[<prev] [next>] [day] [month] [year] [list]
Message-ID: <1415635.ta4uzNuAlV@rofl>
Date: Sun, 18 May 2014 15:32 +0200
From: Patrick Schaaf <netdev@....de>
To: NETDEV <netdev@...r.kernel.org>
Cc: Jay Vosburgh <j.vosburgh@...il.com>,
Veaceslav Falico <vfalico@...il.com>,
Andy Gospodarek <andy@...yhouse.net>
Subject: bonding: optionally listen to VRRP announcements in active-backup ARP monitoring setup
Hi netdev + bonding maintainers,
I found myself in a situation where the "traditional" ARP monitoring in
active-backup bonding mode failed to properly work.
The situation is this:
1) my box connects through two different VLANs, each going to uplink switches
2) the two uplink connections, while different VLANs on my side, are the same
VLAN on the uplink infrastructure, so normally the ARP broadcast goes out over
VLAN A to the uplink infrastructure, comes back through the second uplink into
my VLAN B, where it makes the backup link of the bond "up"
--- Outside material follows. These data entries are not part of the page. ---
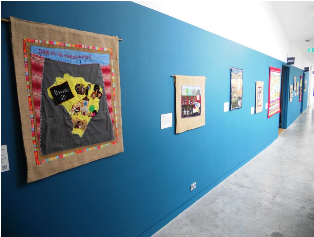
and from the right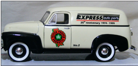
TRX-2B Express Auto Parts

Link, Distribution and Automotive Marketing. There was also a vehicle issued to commemorate the 20th annual slo-pitch tournament for the Foundation For Families.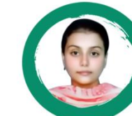
JOTHIKA CSE UO CTC : 7.5 LPA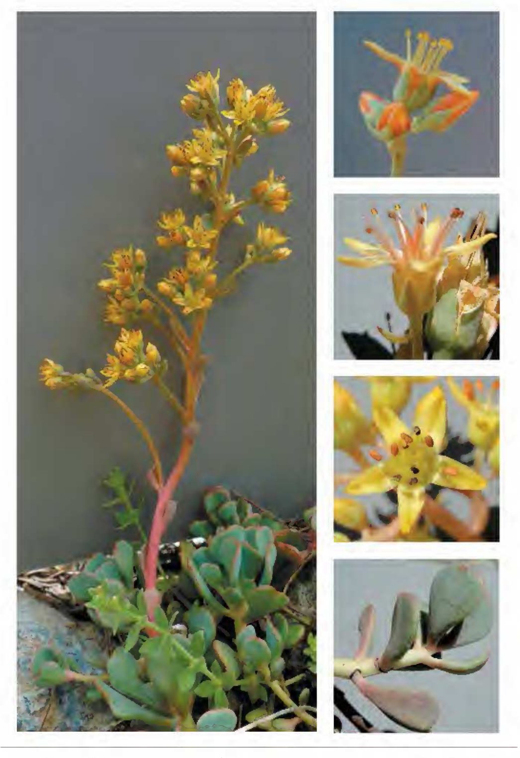
Fig. 2. Sedum kiersteadiae. Note widely spreading yellow petals often marked with red on the dorsal surface, and the open spacing of leaves on the sterile shoot.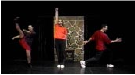
Rock 'N' Fables

Really Little Theatre is a professional theatre for young audiences which has been thrilling young audiences and their families since 1991. It is their unique blend of theatre, music, storytelling, dance, puppetry, mime and comedy that has made them a very popular choice for schools and theatres not only in Canada, but abroad as well.

3) at the uplink, we now have to cope with a combined router/switch box
(Juniper I think, but not sure), that is both actively doing the switching for
the shared VLAN on the uplink side of things previously described, _and_ is
the VRRP default gateway we have to use, i.e. "has" the exact IP address that
we need to target in our ARP monitoring
4) and, as it unfortunately turns out, that box "eats" the ARP broadcast when
it itself "has" that VRRP default gateway address. Yes, really, it properly
floods the broadcasts for all other IPs in the uplink network, but not for the
VRRP IP address...
The simplest "solution" I came up with, for that issue, was to make the
bonding code aware of VRRP a bit.
The patch below adds a bonding parameter "arp_vrrp_vrid". When set to the VRID
of the uplink, it activates listening to the VRRP multicast on _all_ links in
the bond. And when it sees the correct VRID in a VRRP announcement on any
link, it updates that slaves last_arp_rx, just like a properly validated ARP
reply would, thus solving the issue we had.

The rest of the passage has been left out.